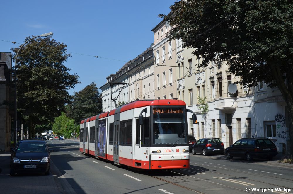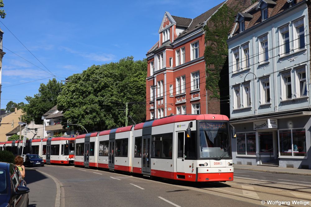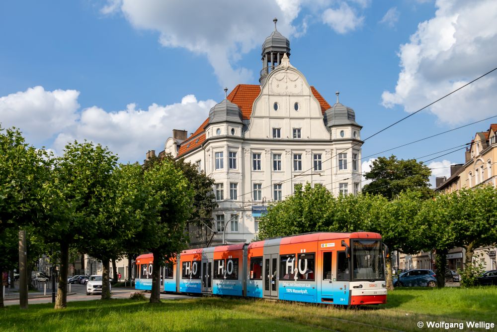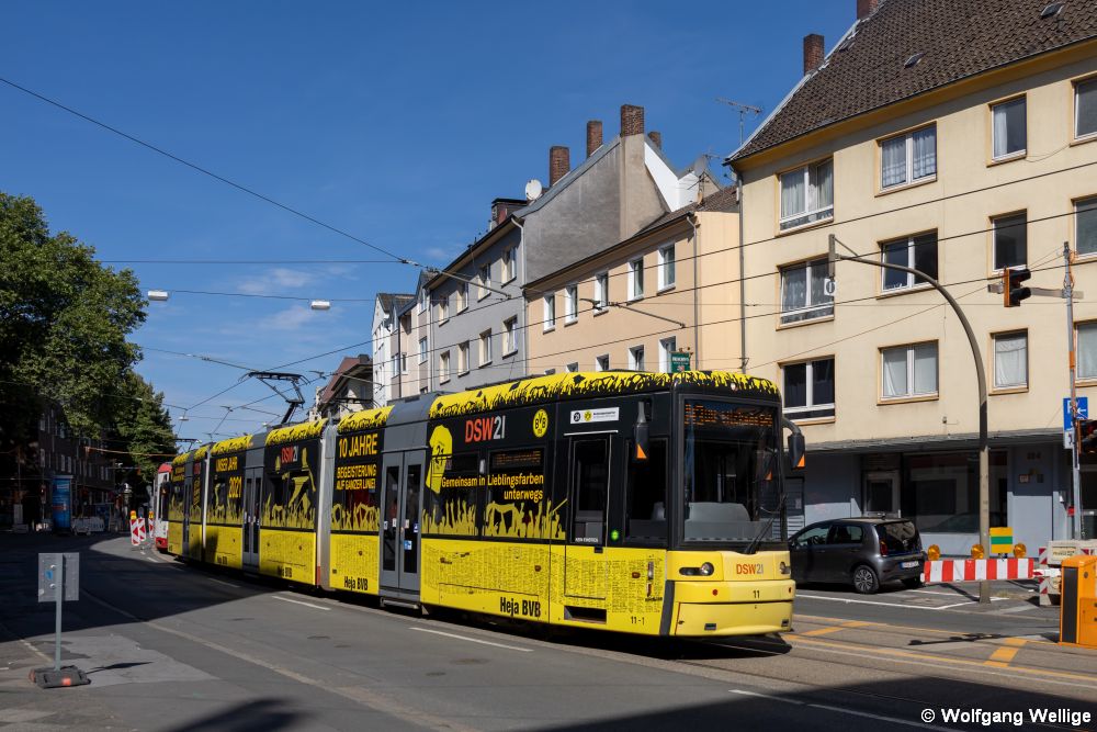 Mit der Aufschrift 'H2Ö' wirbt Wagen 29 für die Verwendung von durch Wasserkraft gewonnenem Strom im öffentlichen Nahverkehr. Am 17.07.2024 überquert er gerade den Borsigplatz, der auch Fans des örtlichen Fußballvereins ein Begriff ist.
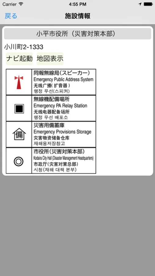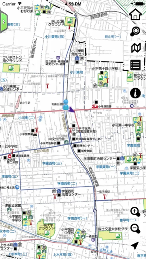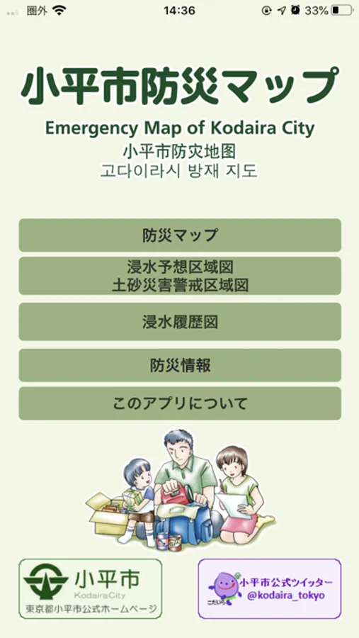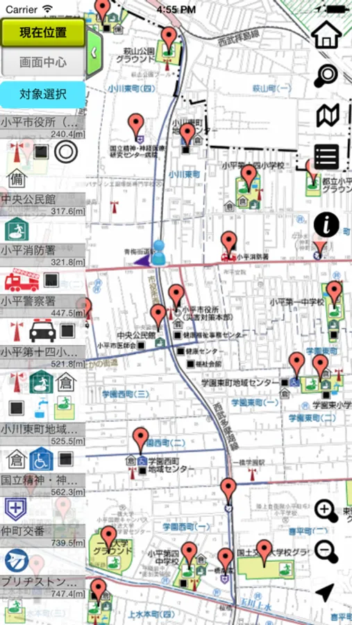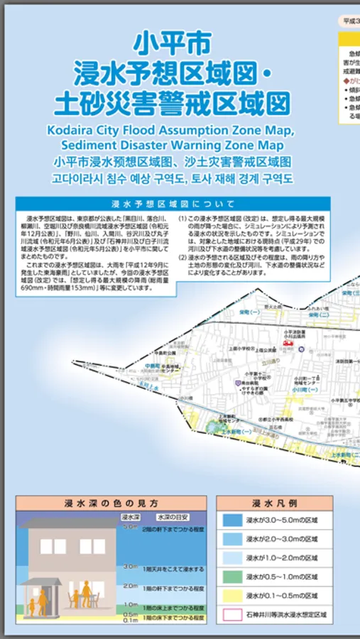 小平市の防災マップ/防災情報をスマートフォンで閲覧するアプリです。
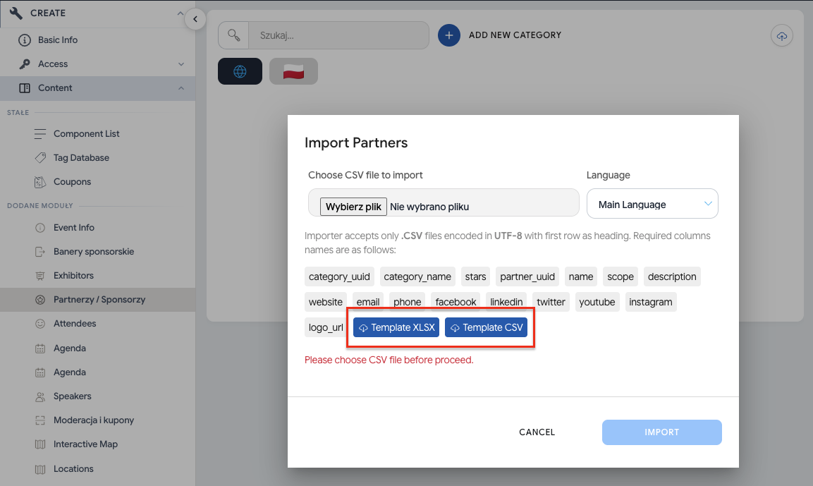 You can add your event’s partners and sponsors to the Partners/Sponsors module in two ways. One by one via the admin panel (you can learn more about adding partners and sponsors in the article Partners and Sponsors) or by importing all sponsors using a bulk file. This article explains how to correctly create a file with data of all partners and how to import it into your event.

Exercise prompt -
Text only, please: give the listing again word for word with no images.

Solution below -
 Mit der Aufschrift 'H2Ö' wirbt Wagen 29 für die Verwendung von durch Wasserkraft gewonnenem Strom im öffentlichen Nahverkehr. Am 17.07.2024 überquert er gerade den Borsigplatz, der auch Fans des örtlichen Fußballvereins ein Begriff ist.
 小平市の防災マップ/防災情報をスマートフォンで閲覧するアプリです。
 You can add your event’s partners and sponsors to the Partners/Sponsors module in two ways. One by one via the admin panel (you can learn more about adding partners and sponsors in the article Partners and Sponsors) or by importing all sponsors using a bulk file. This article explains how to correctly create a file with data of all partners and how to import it into your event.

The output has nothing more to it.